Liga Indonesia Premier Division
- Season: 1996–97
- Dates: 17 November 1996 – 28 July 1997
- Champions: Persebaya 1st Premier Division title 5th Indonesian title
- Relegated: Persijatim Mataram Indocement Persedikab
- Asian Club Championship: Persebaya
- Asian Cup Winners' Cup: PSM
- Matches: 351
- Goals: 895 (2.55 per match)
- Top goalscorer: Jacksen Tiago (26 goals)

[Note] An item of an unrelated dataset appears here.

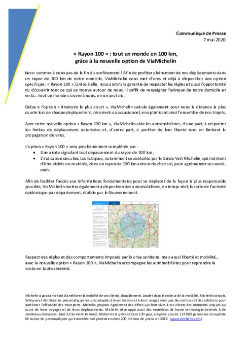 Grâce à l'option " itinéraire le plus court ", ViaMichelin calcule également pour nous la distance la plus courte lors de chaque déplacement, récurrent ou occasionnel, en optimisant ainsi l'ensemble de nos trajets. Avec cette nouvelle option " Rayon 100 km ", ViaMichelin aide les automobilistes, d'une part, à respecter les limites de déplacement autorisées et, d'autre part, à profiter de leur liberté tout en limitant la propagation du virus.

= 1996–97 Liga Indonesia Premier Division =

Indonesian football season

The 1996–97 Liga Indonesia Premier Division (known as the Liga Kansas for sponsorship reasons) was the third season of the Liga Indonesia Premier Division, the top division of Indonesian football. The worsening macro economics situation prior to the Asian financial crisis forced the PSSI to further divide the league into three regions, up from the previous season's two, to reduce cost related to logistical problems owing to the vastness of Indonesian geography. The season began on 17 November 1996 and ended on 28 July 1997. Persebaya won the title after beating the defending champions, Bandung Raya 3–1 in the final.

== Teams ==
===Team changes===
The number of teams increased from 31 to 33 this season.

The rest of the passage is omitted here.